Put 'CIO' in your Google news alerts and you get plenty of references to the American Federation of Labor and Congress of Industrial Organizations (AFL-CIO), which is a bit like the UK's TUC. On the other hand you might get a review of a performance of Puccini's Madame Butterfly where Cio-cio is the eponymous heroine's other name.
Confused? You will be because if the people running the internet think they have a problem running out of names, the rest of us have to deal with a world in which the mania for three-letter acronyms and abbreviations (TLAs) - or for that matter two-and four-letter variants -- has gone berserk, leaving all of us running out of sense.
You might blame the web with its profusion of shortened tags such as IMHO, ROFL and RTFM, but the problem predates the WWW. After all, the GUI (gooey) was just another name for the WIMP. IBM had SNA, OS/2 and tons of others.
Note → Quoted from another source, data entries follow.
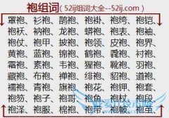 组词大全详解[袍组词]如:罩袍、衫袍、鹊袍、袍褂、袍绔、袍铠、袍袄、衲袍、龙袍、蟒袍、袍表、袍袖、袍仗、袍甲、披袍、袍领、皮袍、袍界、黄袍、蓝袍、锦袍、鹤袍...
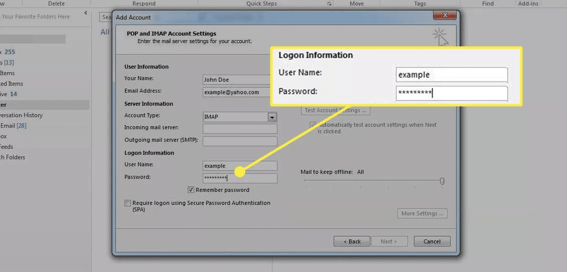 Step 7. In the Login Information section, the User Name text box will show your Yahoo Mail address's user name. Please verify and update this information if needed. Next, navigate to the Password text box and input the app password you generated, if your account has two-step verification enabled.
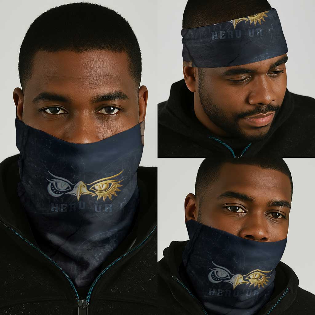 Heru-Ur Falcon Eyes Neck Gaiter Solar Disk Ancient Egyptian Mythology in Dark Stone
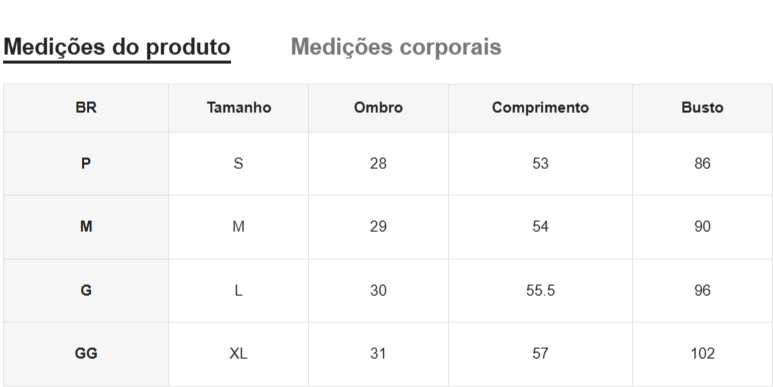 Disponível no tamanho: P, M, G e GG, garantindo o ajuste perfeito para cada tipo de corpo.
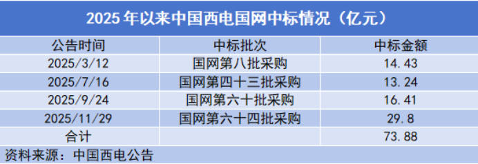 算上此次中标的29.8亿元,目前中国西电在2025年国网招标中累计斩获73.88亿元,几乎与2024年全年齐平。
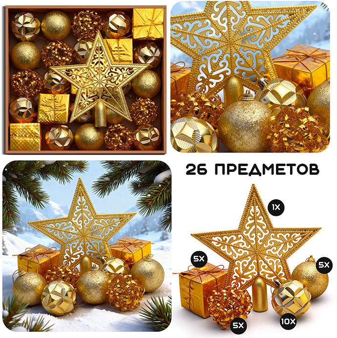 Набор новогодних украшений — это волшебное сочетание блеска, уюта и праздничного настроения! Каждый элемент создан, чтобы превратить ёлку в настоящее произведение искусства. Игрушки гармонично сочетаются между собой по цвету и форме, создавая завершённый, стильный образ. Такой набор станет идеальным выбором для тех, кто ценит эстетику, традиции и хочет наполнить дом атмосферой тепла и новогоднего чуда. |
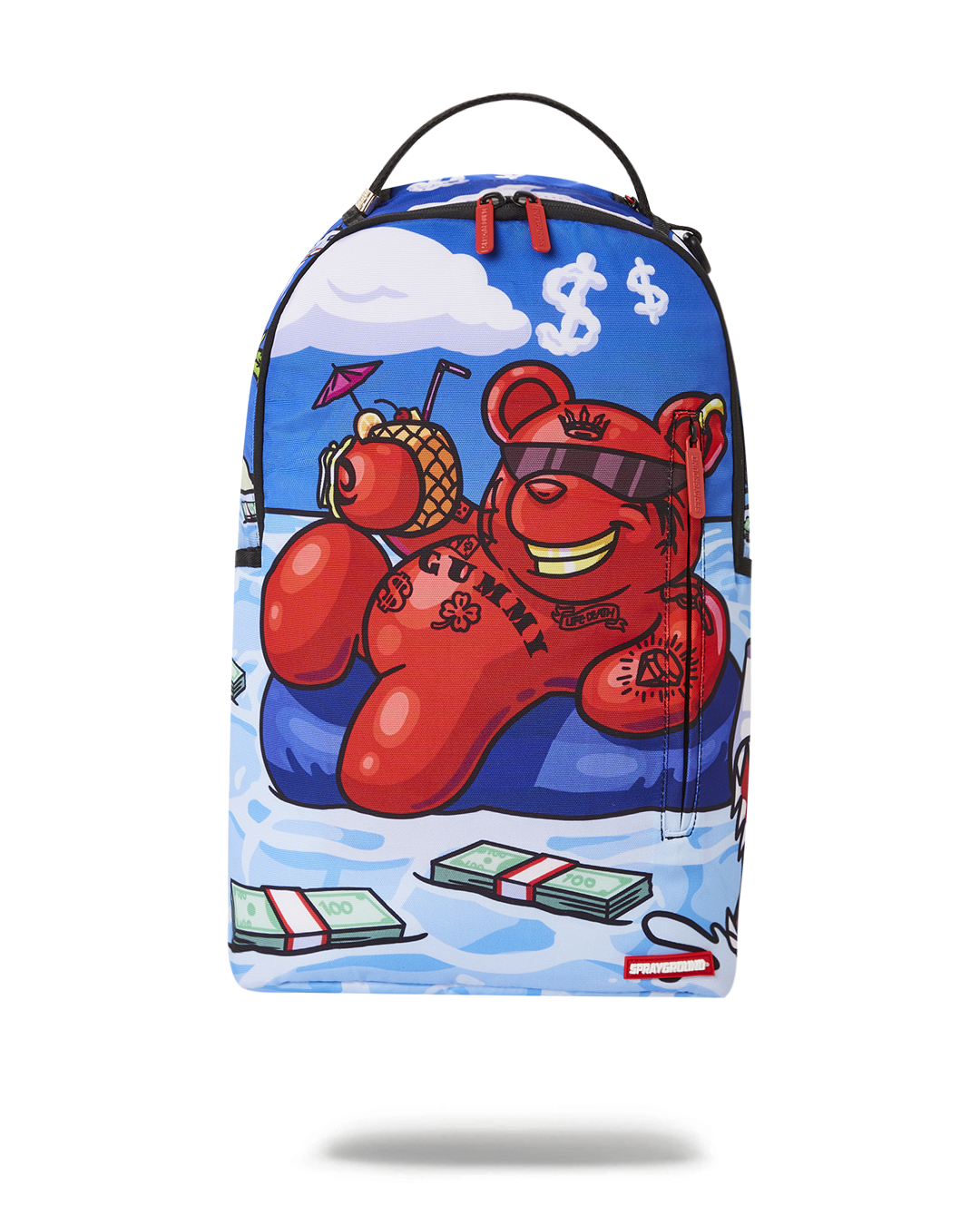 ExteriorDimensions: 18" x 6" x 11.5" • Front zipper pocket • Side pockets • Zippered Stash pocket • Separate velour sunglass compartment • Ergonomic mesh back padding • Adjustable Straps for custom sizing • Green zippers with metal hardware • Metal "Sprayground Authentic" badge • Slide through back sleeve connects to carry on luggage to free your hands
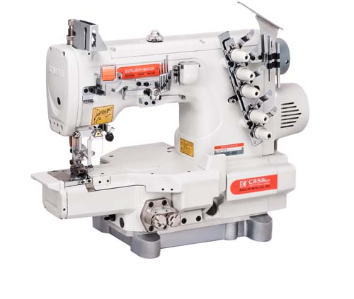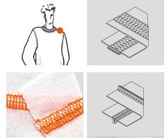 適宜中厚布料,經三線拷克車縫后再包縫,用于運動服、汗衫等領口、下擺、袖管等之拷邊車縫后加以包縫,可增加服飾之美觀及車縫之牢固,利用導布片及押具上之押刀導縫,可避免車縫時彎曲不直
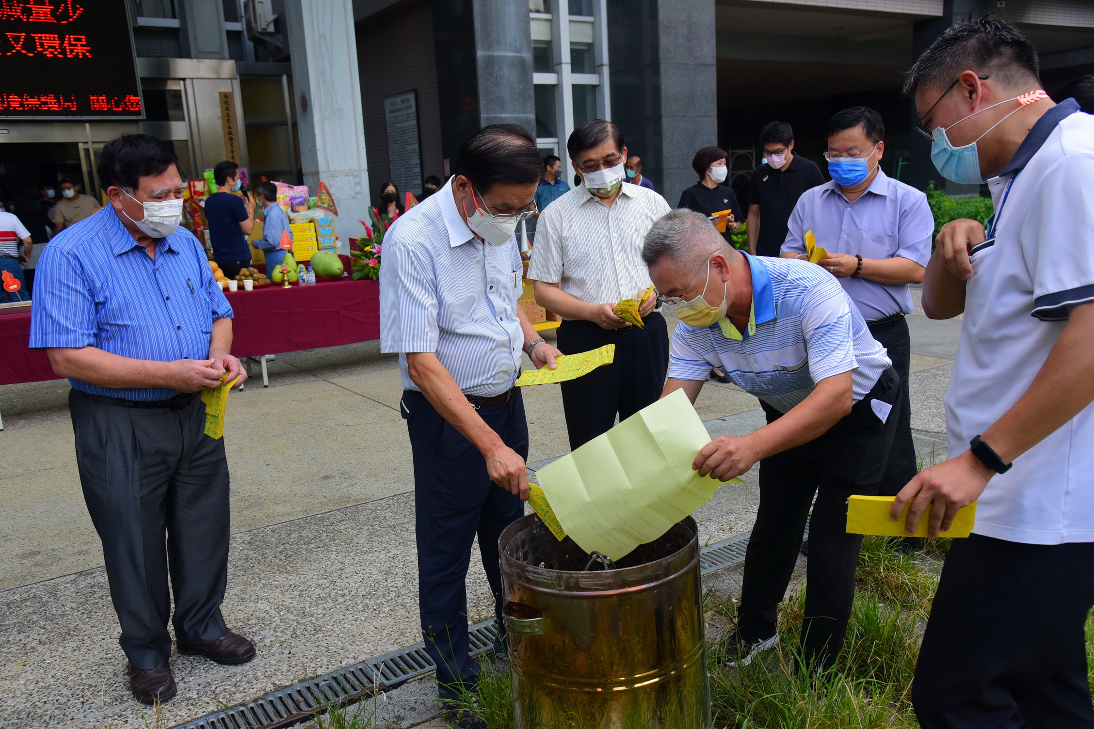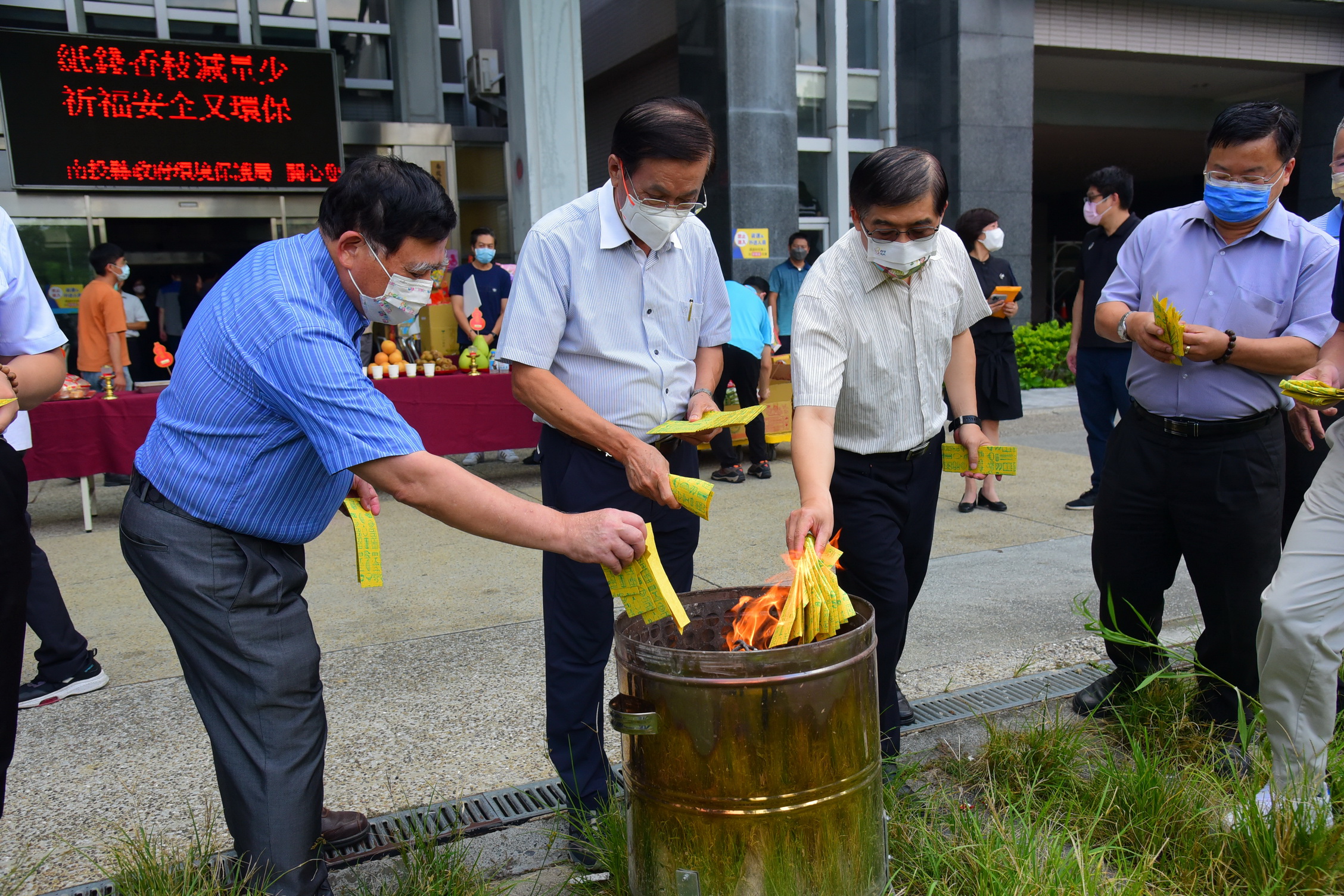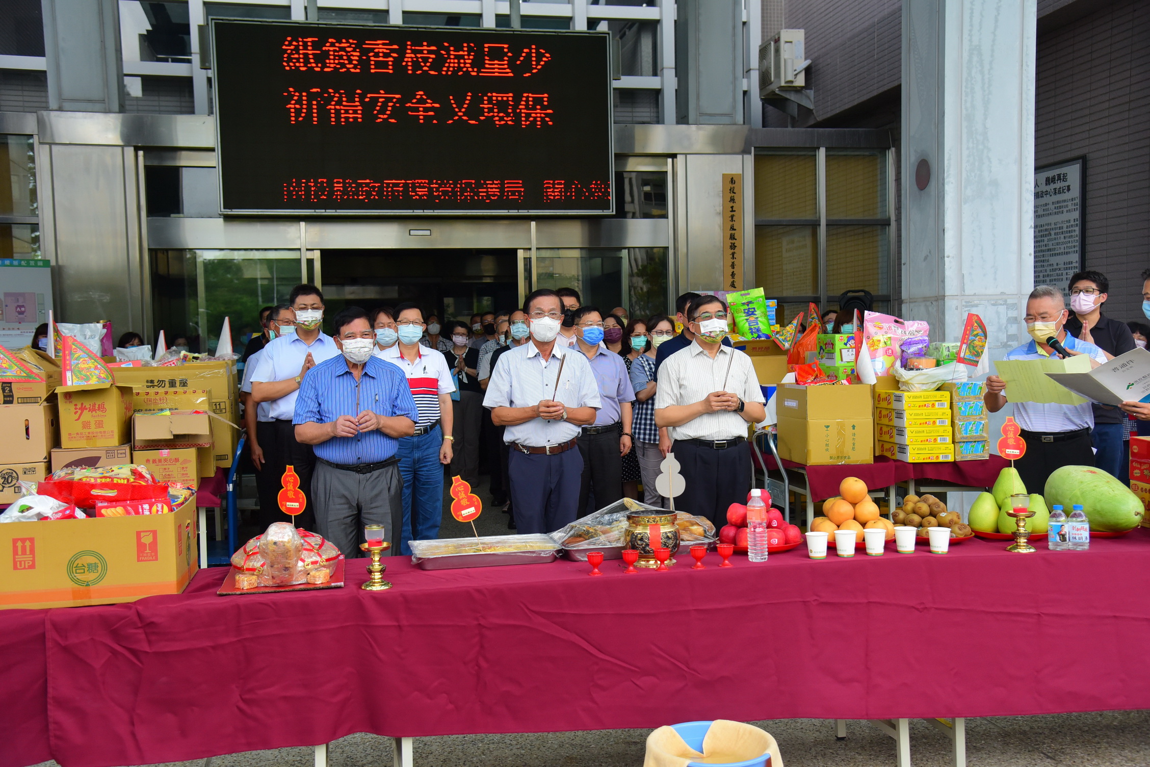 新聞及行政處表示,為了維護空氣品質,提倡環保減碳,今年中元祭拜儀式,只由縣長、副縣長及秘書長代表持香,紙錢也僅象徵性焚燒,其餘紙錢則運送至資源回收焚化廠統一處理。
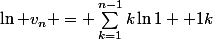 &=\sum_{k=1}^{n-1}k\ln(k+1)-\sum_{j=1}^{n-1}j\ln j\\<br />&= \sum_{j=2}^n(j-1)\ln j-\sum_{j=2}^{n-1}j\ln j\\<br />&= (n-1)\ln n-\sum_{j=2}^{n-1}\ln j\\<br />&= \ln\(\fr{n^{n-1}}{(n-1)!}\)\\<br />&=\ln \(\fr{n^n}{n!}\)<br />\end{align})
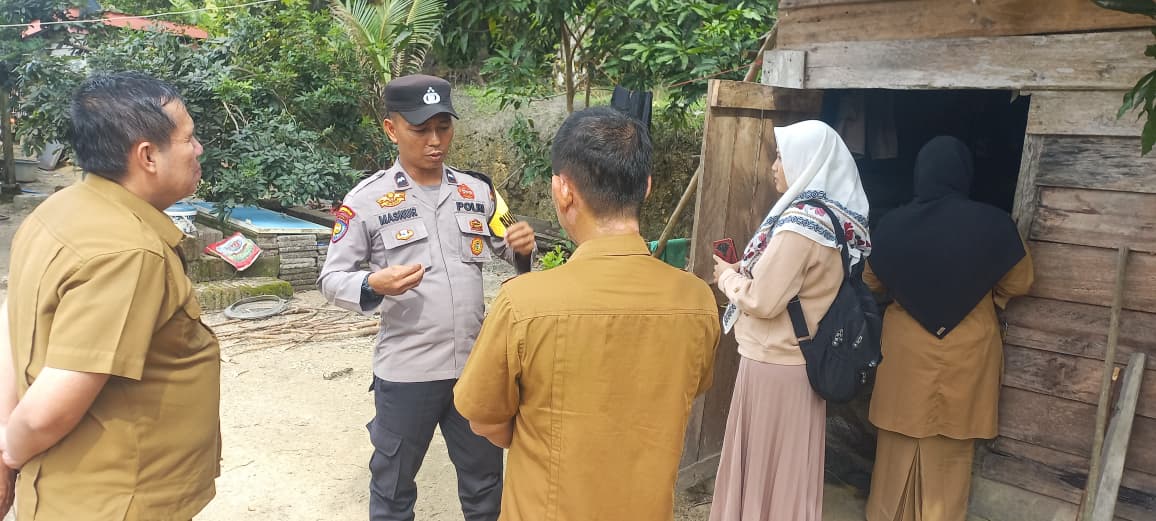 Pada Selasa (15/7), Aipda Masnur, SH, selaku Bhabinkamtibmas Desa Pematang Tinggi dan Desa Beringin Makmur, bersama Kepala Dusun 2 dan Dinas Sosial Kabupaten Pelalawan yang dipimpin oleh Tengku Sukardi, melakukan kunjungan langsung ke kediaman Aini.

Then Microsoft didn't help with its love of DDE, OLE and other shortened types. Things got really silly when Borland trumped Microsoft's Microsoft Office Manager (MOM) with its Desktop Application Director (DAD).
Fast-forward to today with the insane and inane profusion of C-suite executive conventions (CEO, CTO, CO, CFO, CPO, CSO, CISO etc ad nauseam) and you quickly realise that the name game has got to stop. Hands up who's ready for a single source of truth that rules on these names? You could call it a Naming Official Manual Or Register Emeritus (NO-MORE).